Tuesday , February 06, 2018 - 5:00 AM

SALT LAKE CITY — The Utah Court of Appeals has upheld eight felony convictions against a man who prosecutors said diverted $11,000 from disabled clients over a two-year period and used the money for personal purchases, including a Las Vegas vacation, concert tickets, televisions, jewelry and expensive shoes.

Attorneys for Jordan Jack, 32, citing double jeopardy concerns, argued to the Appeals Court that a second-degree felony communications fraud charge should have been merged with seven third-degree felony charges of exploitation of a vulnerable adult.

RELATED: Employee of care service allegedly stole from disabled clients

But in its Thursday, Feb. 1, 2018, opinion, the court said 2nd District Judge Ernie Jones of Ogden correctly allowed the separate charges.

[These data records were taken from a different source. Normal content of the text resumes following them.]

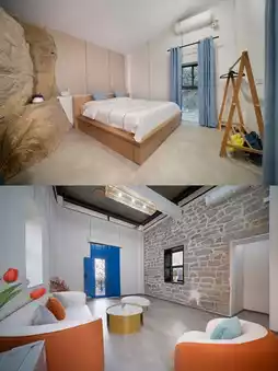 The rooms are a dream come true! Wooden decor + stone walls, with a large balcony framing the sea view like a painting.
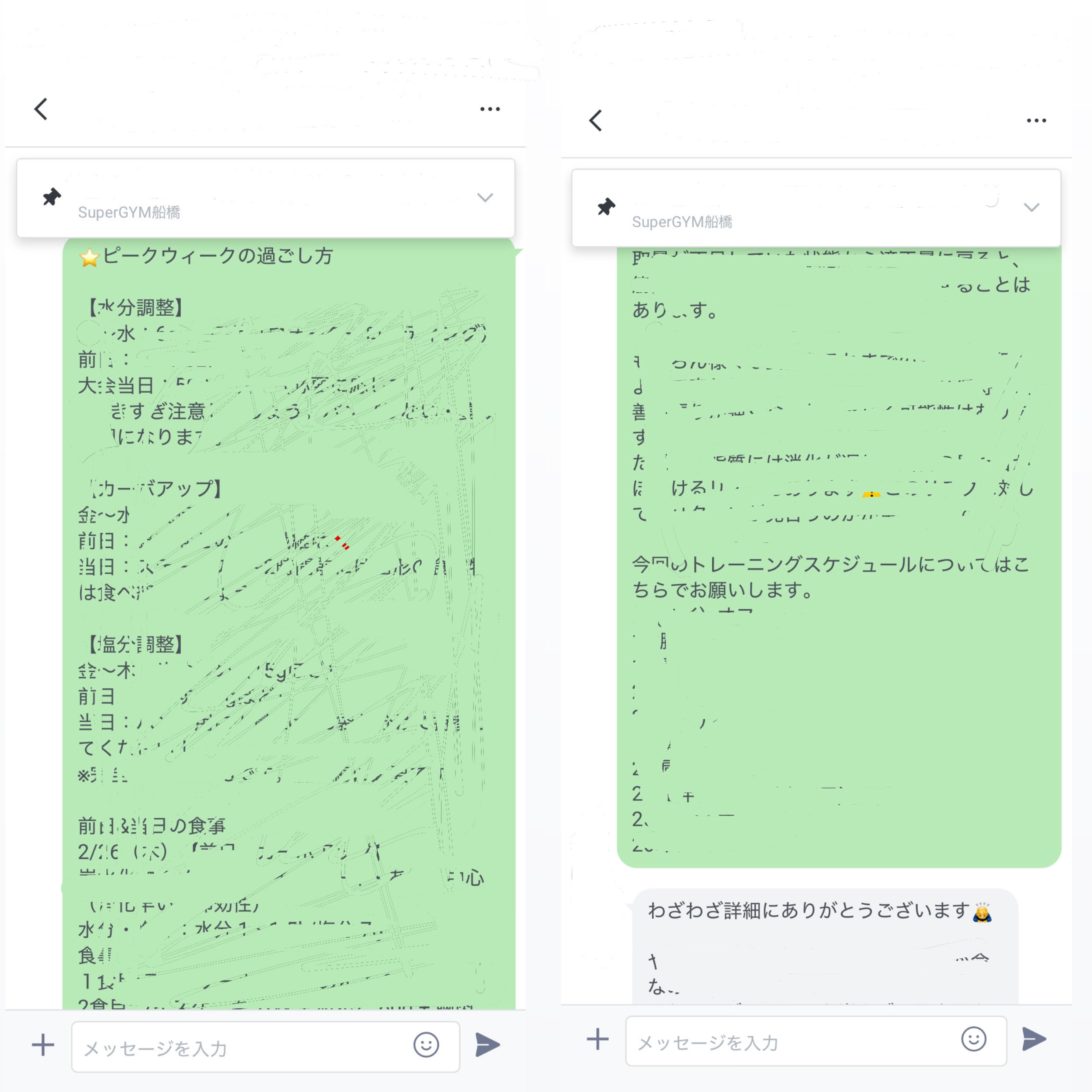 • 体重・食事・トレーニング内容・体調の報告
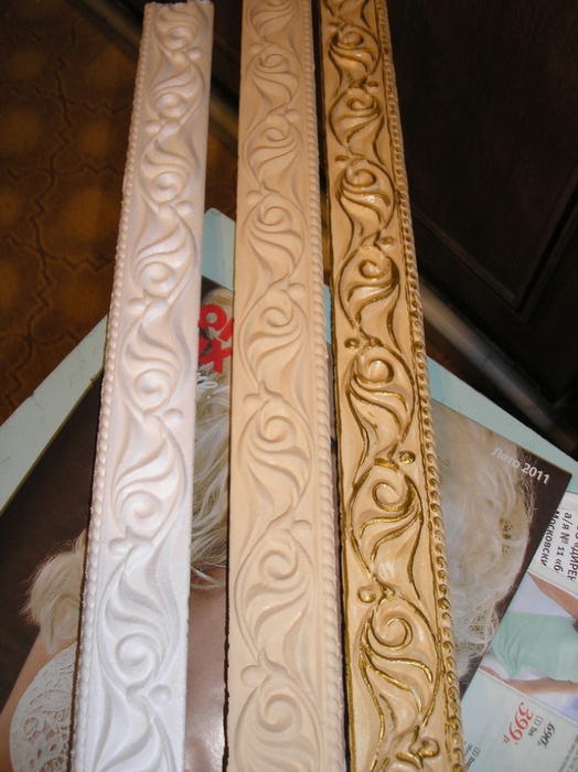 Использование глейзов позволяет придать поверхности молдинга почти любую необходимую фактуру – дерева, натурального камня, золота или потертого металла:
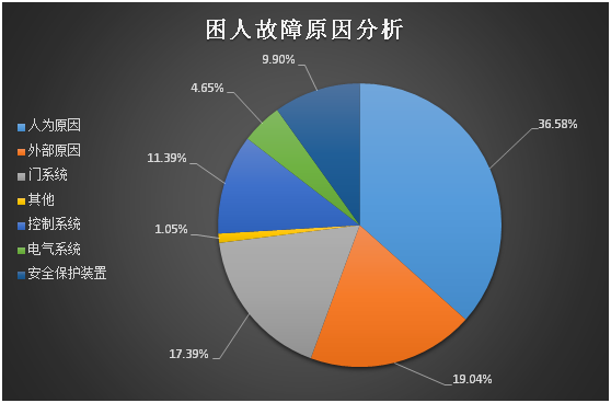 依据《电梯应急处置平台技术规范》(CPASE M001—2019),在人为原因、外部原因、门系统、曳引系统、导向系统、轿厢、控制系统、电气系统、安全保护装置九类故障中:人为原因故障(244起,占36.58%)、外部原因故障(127起,占19.04%)、门系统故障(116起,占17.39%)居前三位,其中生活(装修)垃圾导致开关门受阻困人216起、停电困人72起、门锁失效80起。

The court pointed out that the communications fraud charge encompassed fraud committed against seven additional victims.

In a probable cause statement in October 2014, a Utah Attorney General’s Office investigator said Jack devised a scheme to siphon money from the accounts of people with disabilities. The crimes occurred in 2012-14 while Jack worked for Chrysalis, an Orem-based company that provided a money management system for clients of the Utah Division of Services for People with Disabilities.

According to court documents, Jack created phony receipts and false account statements to conceal the diversions, but personnel in Chrysalis’ Riverdale office, which serves clients in Weber and Davis counties, noticed discrepancies. State investigators said they found evidence that at least 14 people’s funds were stolen.

Jones convicted Jack in a bench trial in August 2015. On Oct. 21 of that year, Jones sentenced the Clearfield man to seven terms of 0-5 years in prison on the exploitation convictions and 1-15 years on the fraud charge. But the judge suspended all eight prison terms and sentenced Jack to 180 days in jail.

Jack also is serving 36 months of probation. Court records show he has paid back the $11,394 in restitution ordered by Jones.

Efforts to contact Jack’s attorney, Rudy Bautista, were not immediately successful Monday.